The opinion of the Court was delivered by
Chipman, Ch. J.the rule certainly is, as laid down by the defendant’s counsel, that parol proof cannot be admitted to explain, extend or vary a written contract. There is but one exception, if it may be called an exception, that is, in the case of a latent ambiguity. As in the case usually put, of a devise to A. — there are two persons by the name of A. father and son : this, appearing by parol proof, introduces an ambiguity, as to the person intended by the testator. But as the ambiguity is not apparent on the face of the devise, it is called a latent ambiguity, and as it is raised by parol, it may be explained by parol, But where there is a devise *229of $50,00 wholly omitting to name any devise ; this is a patent ambiguity, which cannot be explained by parol.
But it is said, that this is a mistake, and that mistakes are allowed to be rectified. There are cases in. which a court of Chancery will correct a mistake, or rather, compel the party to correct it, by supplying what was omitted by mistake 5 but this does not belong to a court of law.
But, in simple contracts, a party is rarely without remedy in a court of law. As in the present case, the note through an omission being void or ineffectual, the plaintiff may resort to the original contract. He may sue on the original cause of action, and recover the demand, for which the note was intended to be given. Had the plaintiff, in this case, added a count applicable to the original contract, he might have recovered what was his just due $ he still may have that remedy.

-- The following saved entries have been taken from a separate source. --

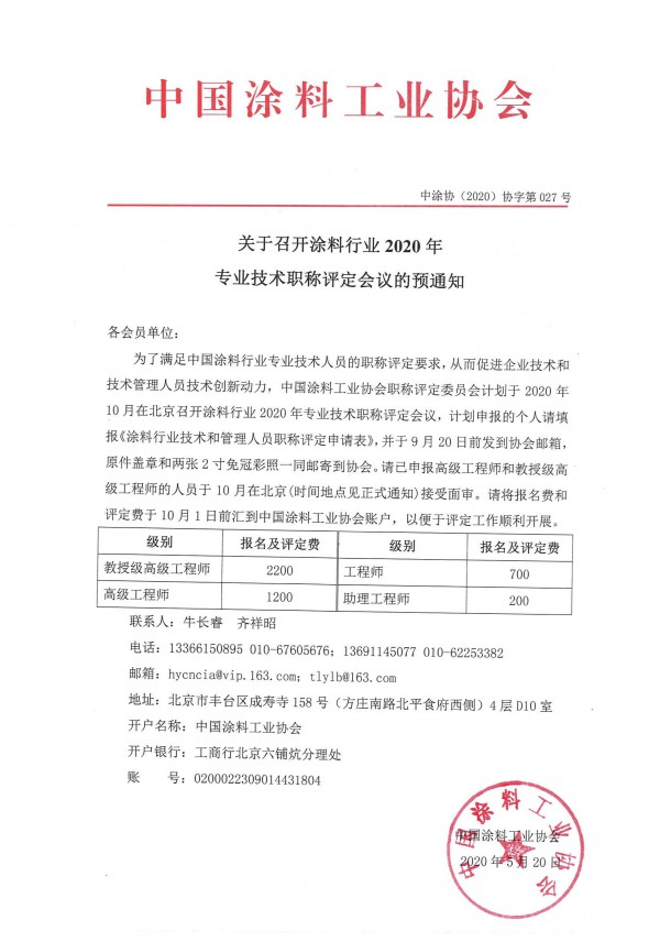为了满足中国涂料行业专业技术人员的职称评定要求,从而促进企业技术和技术管理人员技术创新动力,best365中国官方网站职称评定委员会计划于2020年10月在北京召开涂料行业2020年专业技术职称评定会议,计划申报的个人请填报《涂料行业技术和管理人员职称评定申请表》,并于9月20日前发到协会邮箱,原件盖章和两张2寸免冠彩照一同邮寄到协会。请已申报高级工程师和教授级高级工程师的人员于10月在北京(时间地点请关注正式通知)接受面审。请将报名费和评定费于10月1日前汇到best365中国官方网站账户,以便于评定工作顺利开展。
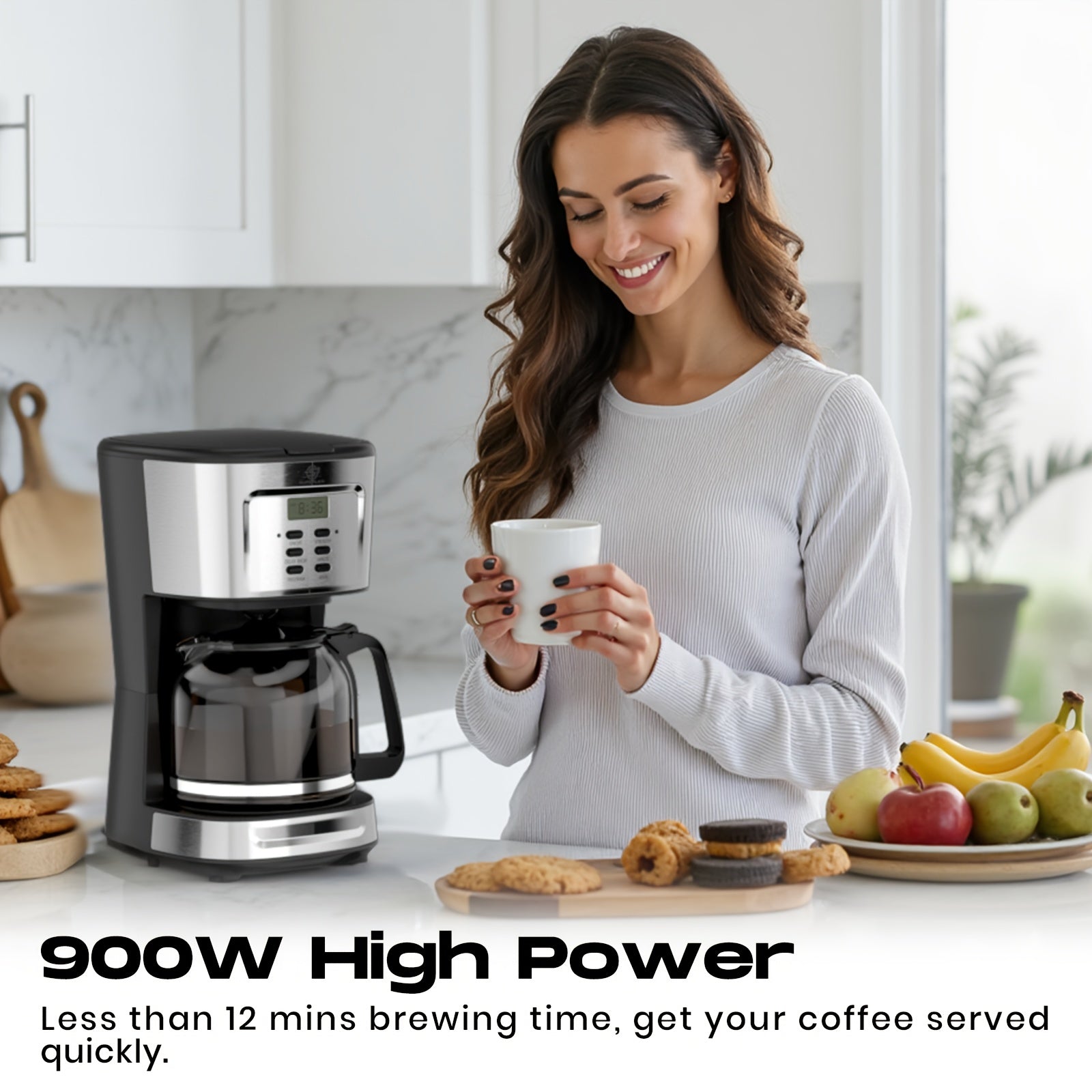 NEW UK Plug Drip Coffee Maker With LCD Display Delay Brew And Strength Control 900W Precise Temp Auto Shut Off Dishwasher Safe Glass Jug 1.5L
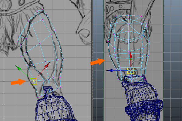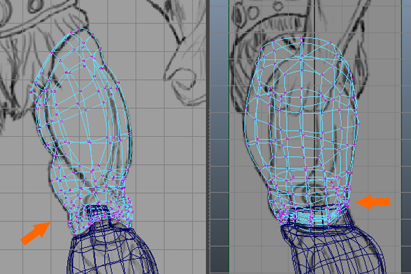 After inserting the new edge loops, we need to adjust them according to the reference images.
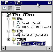 “VB工程管理器”:用来管理开发一个VB程序所需要的各种类型的窗体和模块,如左图是一个工程所包含的东西,窗体是一个程序表现在外面的界面、模块是程序内部使用的代码。 当我们点击“添加窗体”便捷工具按钮后,左图的“VB工程管理器”中就会显示出新添加的窗体,这也就是“VB工程管理器”的功能,它使我们从总体上把握程序开发的各个部分。
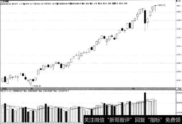 第一根K线为承接前期上升走势的大阳线,买盘强劲,显示升势持续。
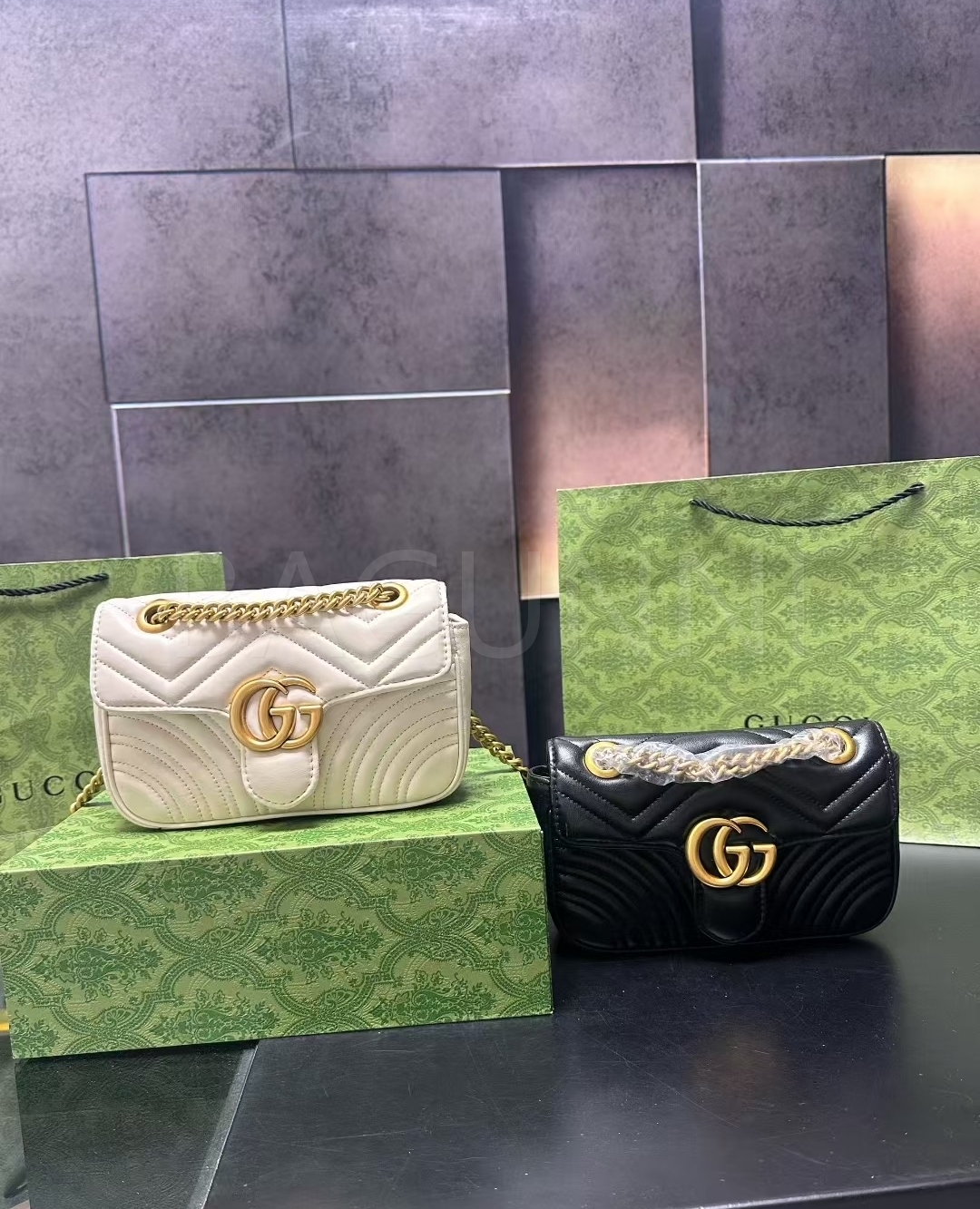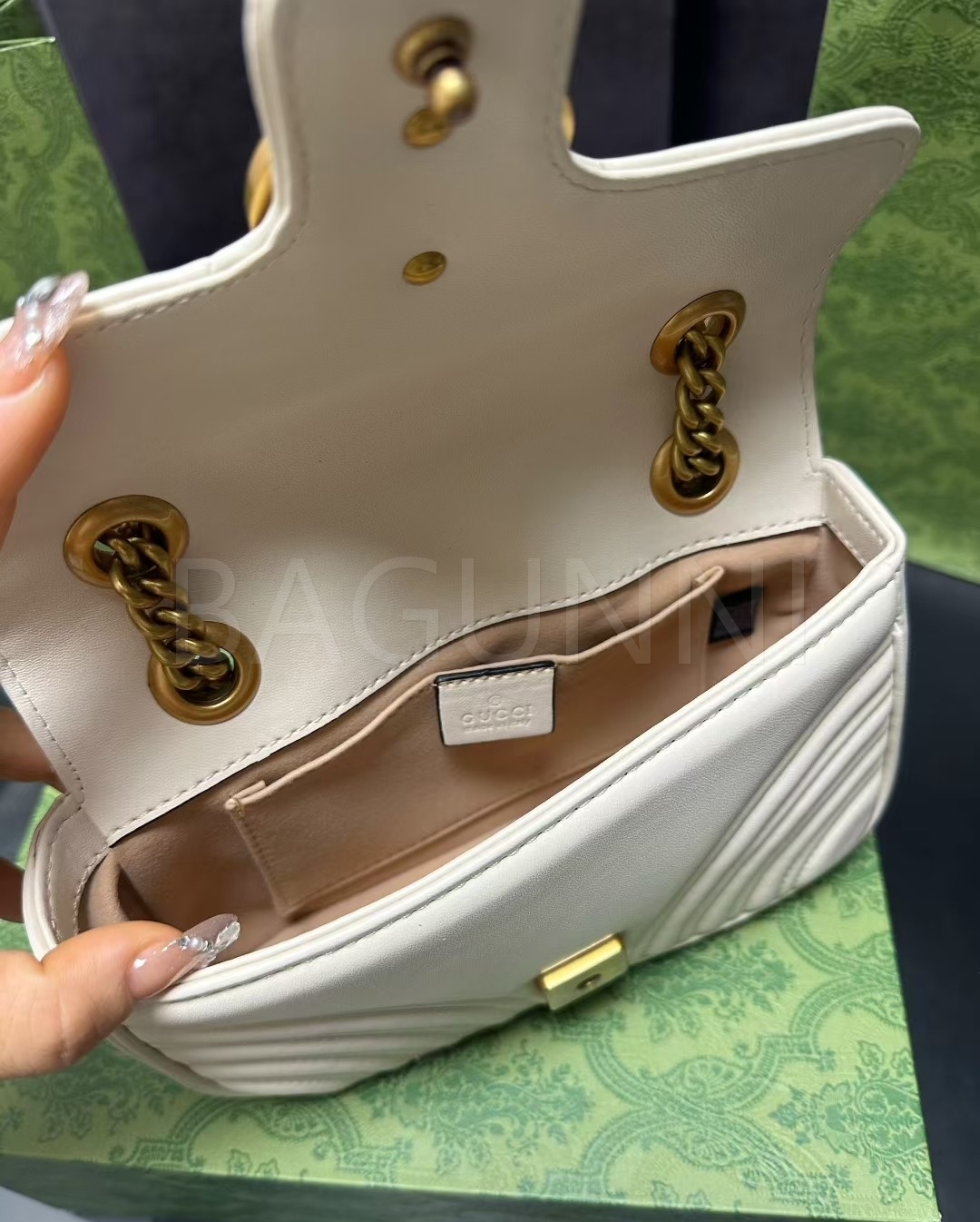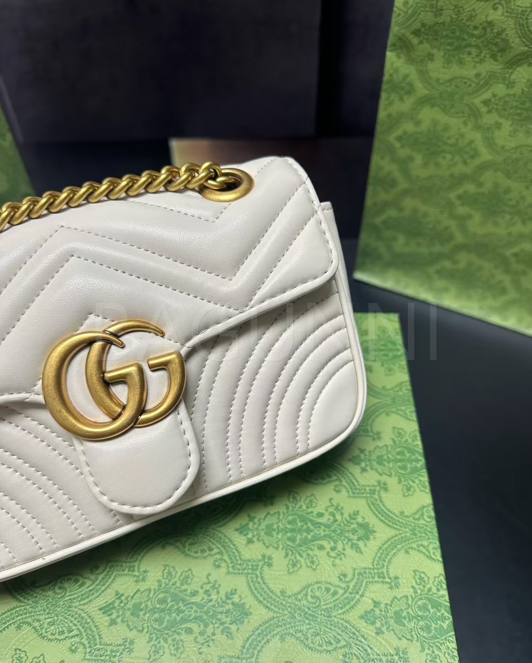 구찌 마몬트 체인백입니다. 가죽 특유의 질감이 자연스럽게 살아 있으며 화이트, 골드 톤이 어우러져 브랜드 특유의 분위기를 편하게 즐기기 좋습니다.

But in this action, brought on the note, the County Court were right in rejecting parol evidence, to prove what the note should have been, or how it should have been written ; the decision is supported equally by precedent, and the soundest principles. In an action on a note, the plaintiff is entitled to recover, by proving only the execution of the note; from the solemnity and certainty of the instrument, it affords evidence of the contract, the consideration, and of every thing which is necessary to entitle the plaintiff to recover. To give this effect to a note, and yet allow the plaintiff to supply any defect in the note, by parol testimony, or in other words, to prove what the note should have been, as agreed between the parties, by parol, is perfectly inconsistent — it would be to give the plaintiff all the benefit of a written contract, and yet permit him to prove the contract by parol testimony.
The judgment of the County Court must therefore, be affirmed.